The material beneath this line should be printed exactly, with its pictures omitted.

Given information »
Segment Open

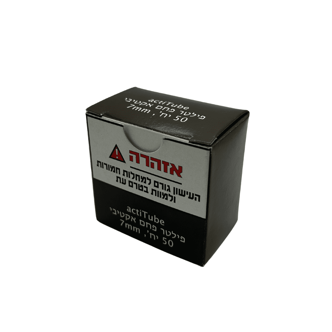 מארז 50 יחידות פילטר פחם אקטיבי בגודל 7 מ"מ לעישון חלק ונקי יותר , מגיע בקופסה קומפקטית .
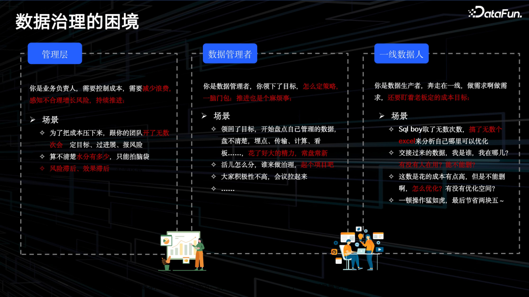 数据治理的困境,可以从面向的不同用户的不同场景来看:
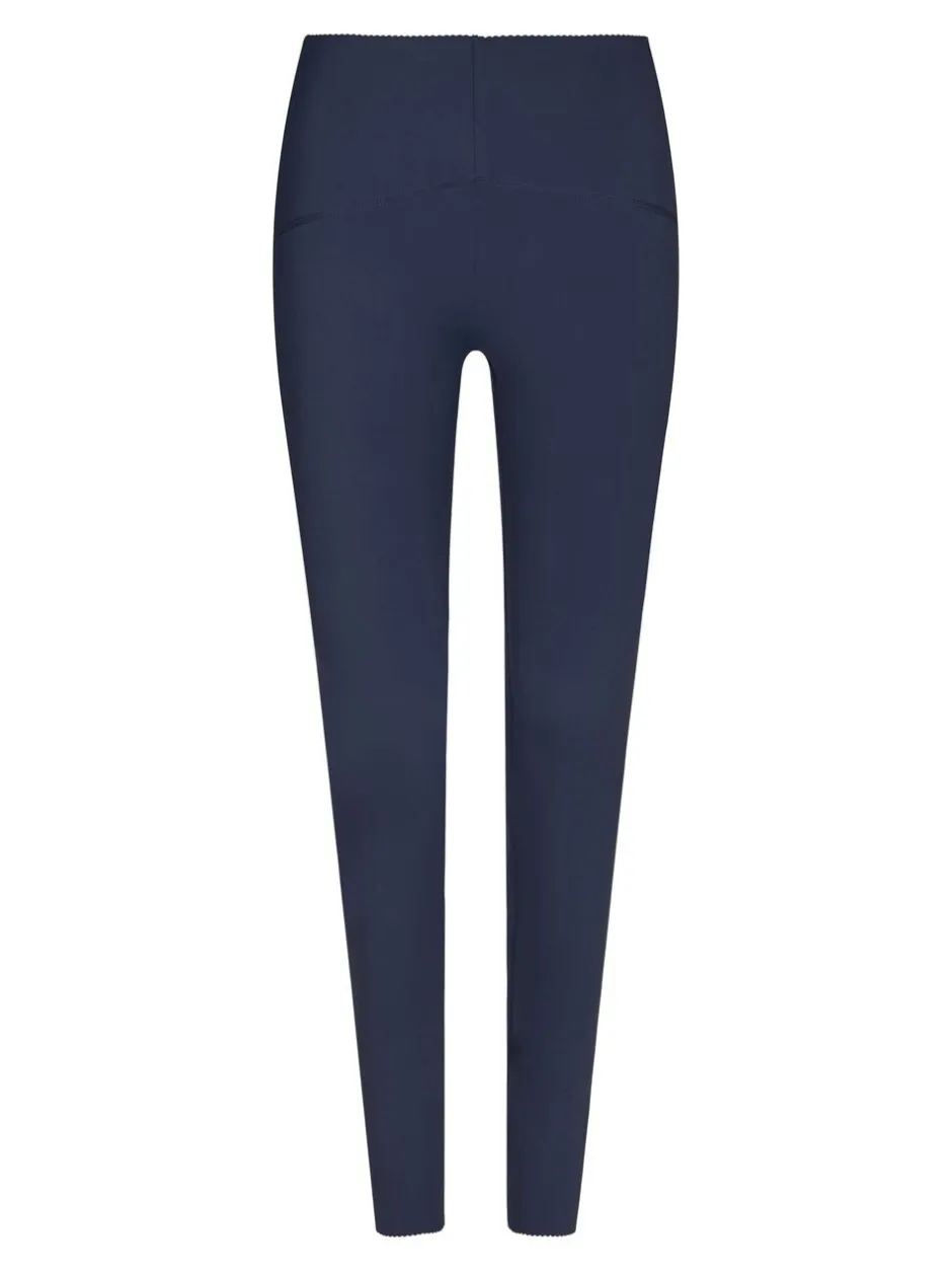 Højtaljede leggings med bølgekant i taljen. De er lavet i et materiale med stræk. Modellen er iført størrelse 36.

Segment Closed

Expected answer »
 מארז 50 יחידות פילטר פחם אקטיבי בגודל 7 מ"מ לעישון חלק ונקי יותר , מגיע בקופסה קומפקטית .
 数据治理的困境,可以从面向的不同用户的不同场景来看:
 Højtaljede leggings med bølgekant i taljen. De er lavet i et materiale med stræk. Modellen er iført størrelse 36.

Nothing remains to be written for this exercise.